Developer Guide

Twitter API Toolkit for Google Cloud: Recent Search

Twitter API
Google Cloud

By Prasanna Selvaraj

Twitter API developers often grapple with processing, analyzing, and visualizing a higher volume of Tweets to derive insights from Twitter data. This entails developers having to build data pipelines, select storage solutions, and choose analytics and visualization tools as the first step before they can start validating the value of Twitter data. 

 

The Twitter API toolkit for Google Cloud is a framework for ingesting, processing, and analyzing higher volumes of Tweets that can be installed and deployed by developers in less than 30 minutes. The toolkit accelerates time-to-value and enables developers to surface insights from Twitter data, easily and quickly. The Twitter API toolkit leverages Twitter's new recent search API v2 that returns Tweets from the last seven days that match a specific search query.


The Twitter API toolkit for Google Cloud leverages BigQuery for Tweet storage, DataStudio for business intelligence and visualizations, and App Engine for data pipeline.

Why use the Twitter API Toolkit for Google Cloud: Recent Search?
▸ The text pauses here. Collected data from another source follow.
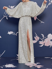 A-Line Evening Gown Sparkle Dress Wedding Guest Party Wear Floor Length Long Sleeve V Neck Sequined with Sequin Slit - US 2 / UK 6 / EU 32
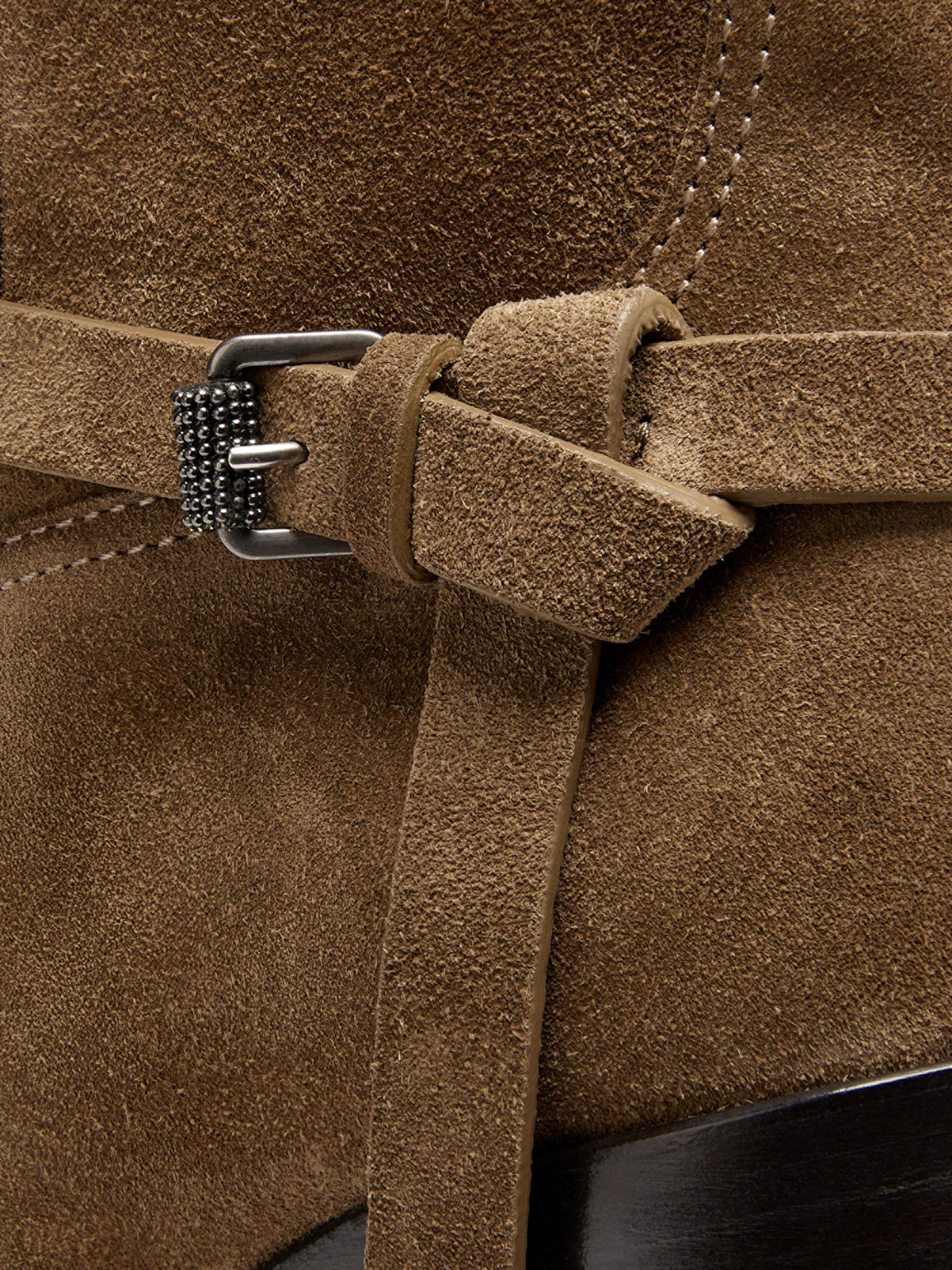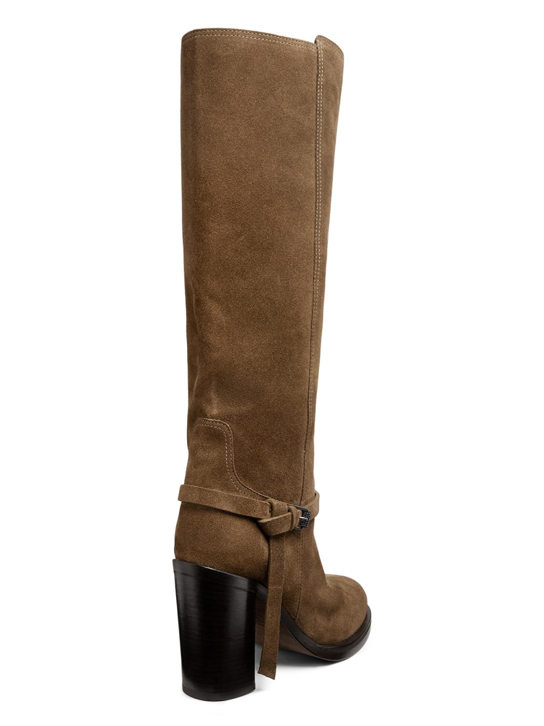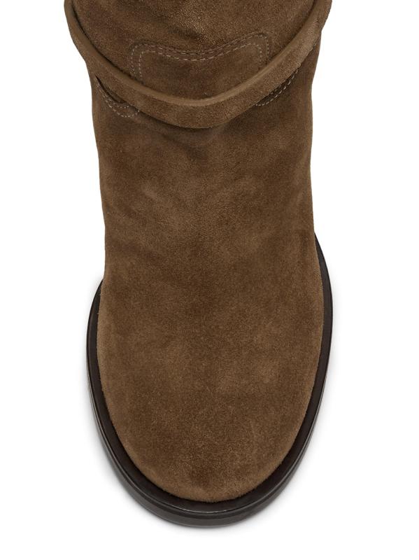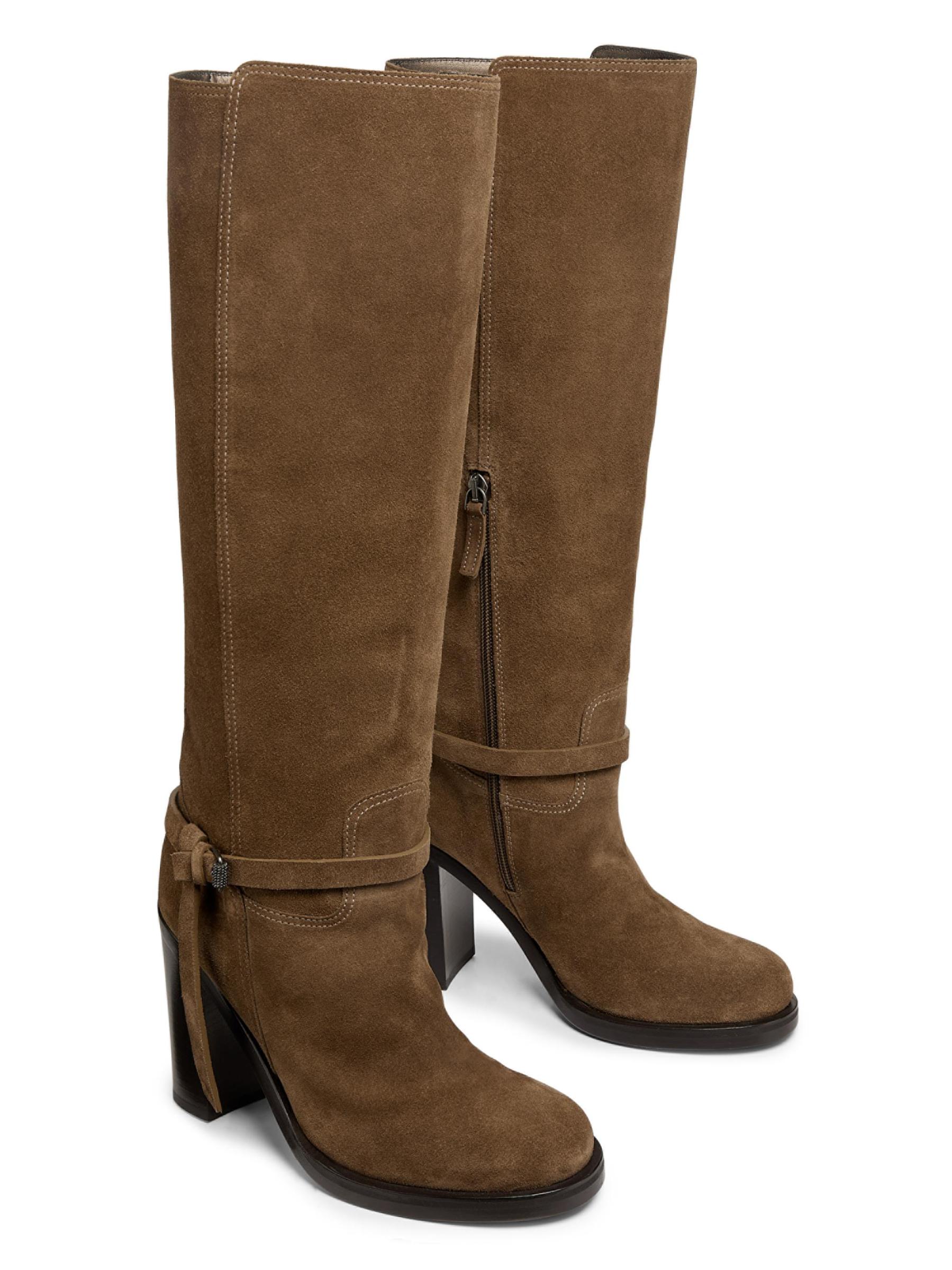 These knee-high boots from Brunello Cucinelli are crafted of soft suede and designed with a round toe and 90mm block heel.
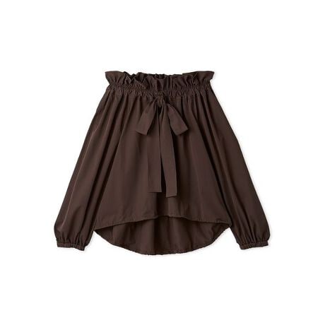 襟ぐりはゴム仕様で、オフショルとしてもワンショルとしても、またフリルカラーのブラウスとしても着用可能な3WAY。
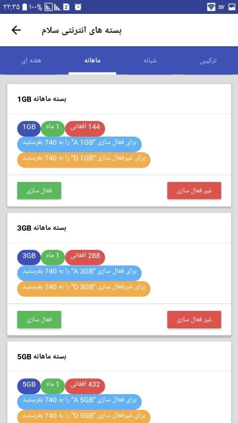All services and bundles of all Afghanistan communication companies are presented in this application and you can get more details about activating these packages in this application. MTN, Etisalat, Roshan, Salam, AWCC
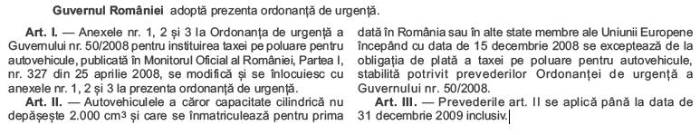 http://www.monitoruloficial.ro/RO/artic ... --297.html de aici puteti downloada de pe site-ul monitorului oficial numarul de ieri( sa schimbati data din 9 dec in 8 dec din calendar) din monitorul oficial in care e scrisa ordonanta de urgenta ce prevede ca se schimba taxele( anexele) din OUG 50/2008 de pe data de 8 decembrie si ca de pe data de 15 dec 2008 pana pe 31 dec 2009 orice autoturism inmatriculat pt prima data in Ro sau in spatiul european, care are sub 2000 cmc, este scutit de la taxa stabilita de OUG 50/2008. Deci, a schimbat taxa si apoi a anulat-o.
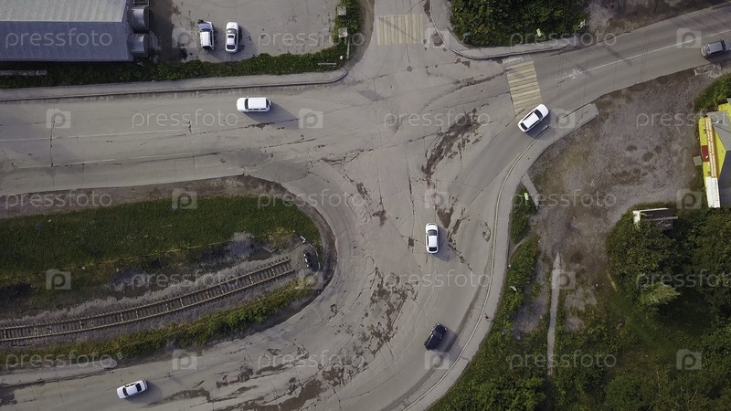 Вид с высоты. Клип. Небольшая вилка на дороге автомобилей с быстро движущимися транспортными средствами. Высококачественная запись 4k
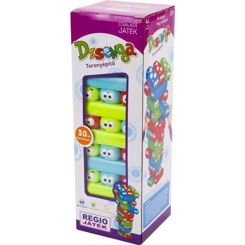 A Dzsenga toronyépítő társasjáték piros, zöld és kék vidám hasábokból álló társasjáték, ami az ügyességen alapul. Építsétek fel a tornyot az építőelemekből, és utána egyesével kezdjétek őket kihúzni. Arra figyeljetek, hogy a torony egyensúlyban maradjon, mert akinél ledől, elveszíti a játékot. A Dzsenga társasjátékot az nyeri, aki a legtöbb hasábot tudja begyűjteni anélkül, hogy a torony összedőlne.

  • Process, analyze, and visualize higher volumes of Tweets (millions of Tweets and the design is scalable to billions of Tweets

  • Automates the data pipeline process to ingest Tweets into Google Cloud

  • Use this toolkit to find impactful Tweets to your use case quickly

  • Visualization of Tweets, slicing, and dicing with Tweet metadata

How much time will this take? 30 mins is all you need

If you can spare 30 minutes, please proceed. You will learn the basics about Twitter API, and as a side benefit, you will also learn about Google Cloud, Analytics, and the foundations of data science.

What Cloud Services this toolkit will leverage and what are the costs?

  • This toolkit requires a Twitter API account that is free to signup for essential access. Essential access allows 500K Tweets/month
  • This toolkit leverages Google BigQuery, App Engine, and DataStudio.   For information on pricing, refer to the Google Cloud pricing

What kind of dashboard can you build with the toolkit?

  • This toolkit helps you to build a dashboard for analysis of the Tweets ingested by the toolkit into the Google Cloud

  • The dashboard above is an example built with the toolkit that illustrates a Tweet dataset of ‘Crypto currencies’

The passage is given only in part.